Cultural Revolution 2.0?
Analysts are divided on the extent to which this article reflects Xi Jinping’s views.
“This article definitely represents the voice of Xi Jinping. This is not an article on a general public account,” Wang Jian, the former Hong Kong media director, said in an online commentary.
“At least this author wrote with Xi Jinping’s pulse.”
Wang Jian believes that it is particularly noteworthy that all large official media have reprinted this article.
Others, such as Wu Qiang, a former scholar in Beijing, think its importance is not worth mentioning.
But Wu Qiang believes that it is appropriate to compare it with the Cultural Revolution, and hints that Xi Jinping still has some ideological resistance within the CCP.
“In the past nine years, the Cultural Revolution 2.0 has started in various fields, but in a more subtle way,” he said.

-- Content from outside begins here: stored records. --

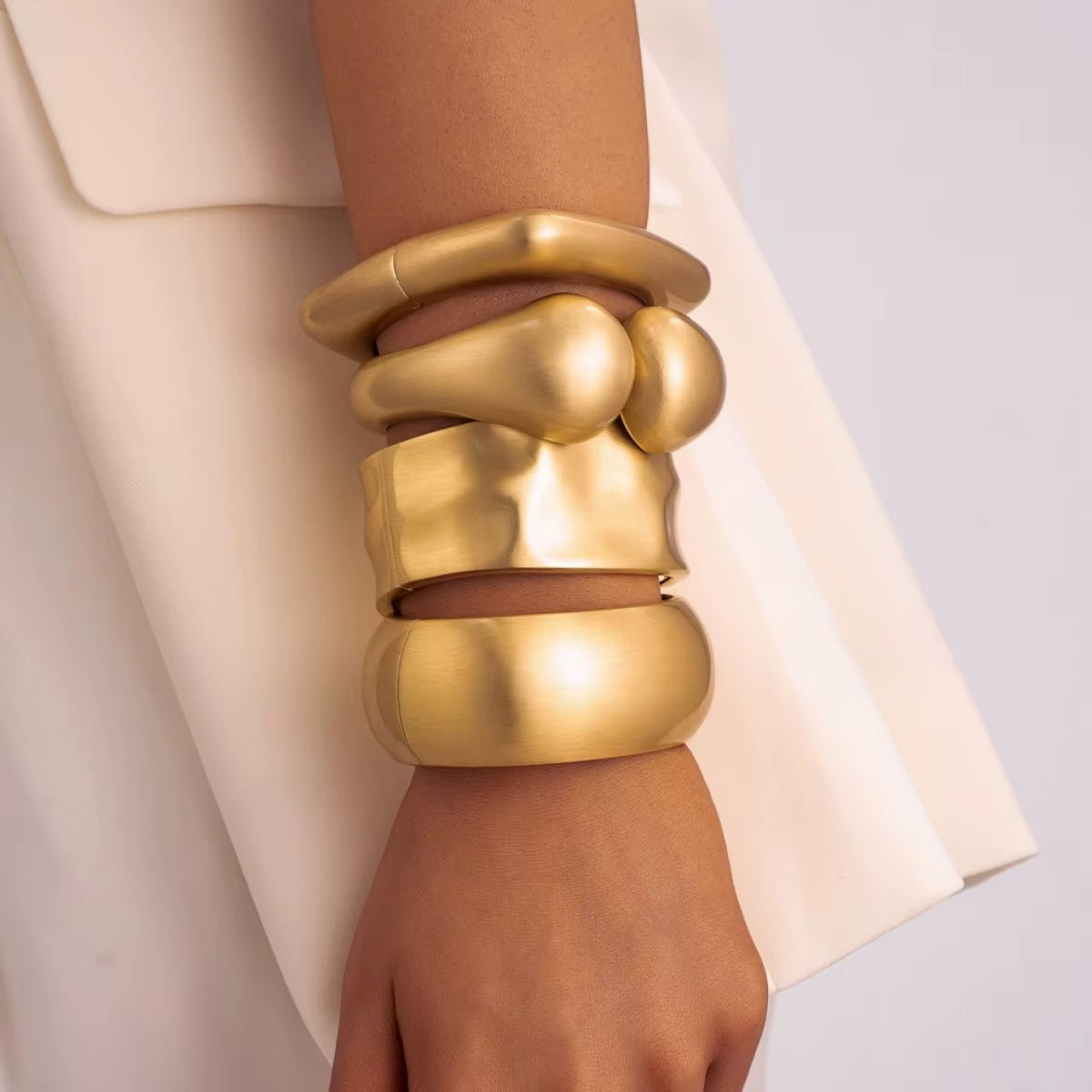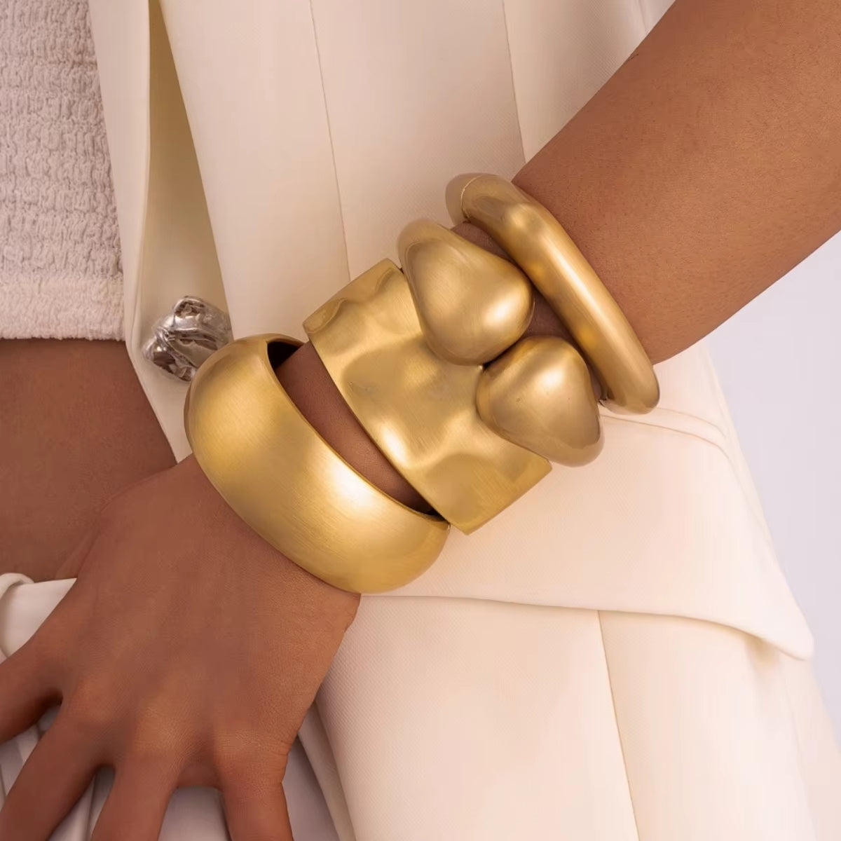 Style: This Chunky Bangle Bracelet Stack features bold, oversized bangles designed to create an effortlessly chic layered look. The substantial design makes a striking statement while offering versatility for both casual and dressy occasions. Material: Crafted from durable metal alloy with a polished finish that provides lasting shine and resistance to daily wear while maintaining its sophisticated appearance. Size: Features a universal fit design that comfortably accommodates most wrist sizes, with smooth interior edges for comfortable all-day wear.
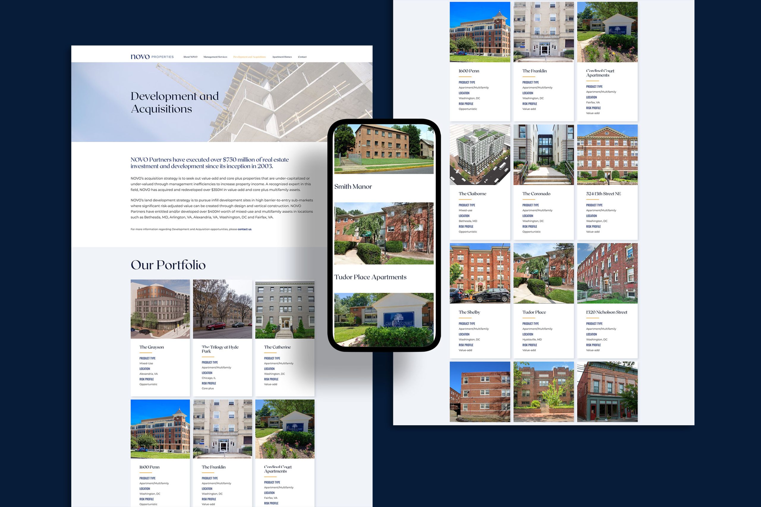 The company website was reinvented to showcase NOVO Properties expansive portfolio of properties.Navigation menus are maintained across the top of the page, ensuring a consistent style and optimizes the user experience by making it easy to navigate for information.
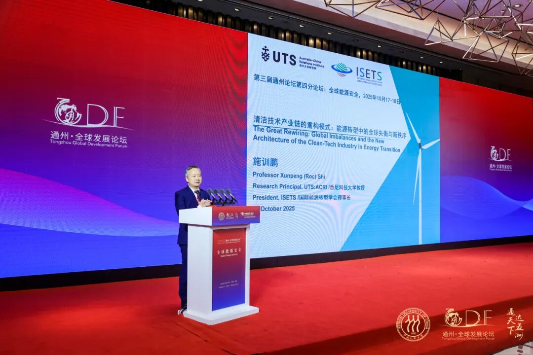 施训鹏作题为《清洁技术产业链的重构模式:能源转型中的全球失衡与新秩序》的演讲,他强调目前能源转型正在改写能源安全概念与国际地缘关系,清洁技术供应链正加速地理集聚,价值链高度集中,产业主导权竞争加剧。他表示要加快构建基于开放联赛模式的供应链体系,在统一规则下公平竞争,迈向韧性、高效、公平与可持续的未来 能源安全体系。

The timing of Xi Jinping’s action cannot be ignored
After this series of actions, the history of Chinese politics will usher in a major event next year.
The 20th National Congress of the Communist Party of China will mark Xi Jinping’s ten years in power.
Two of Xi Jinping’s predecessors will step down after ten years in office, and potential successors will win the support of the party’s elite before the party congress.
In 2018, the Chinese government lifted the maximum two-term re-election limit for the president, which will allow Xi Jinping to remain in power for life.
However, Xi Jinping may wish to consolidate his support within the party and the Chinese people before announcing his re-election.
Richard McGregor, a researcher on China at the Lowy Institute, said: “Any political system is the same.”
“The closer the election or selection is, the decision will be affected.”
Malid believes that Xi Jinping’s continuous actions in different industries are preparing for his historic third term.
The introduction of Xi Jinping’s thought into elementary schools is to prepare for next year. At the same time, members of the Communist Party of China and government officials also widely use a mobile phone application called “Learning to Make the Country Powerful”.
“All of this strengthened his notion that he must stay in office.”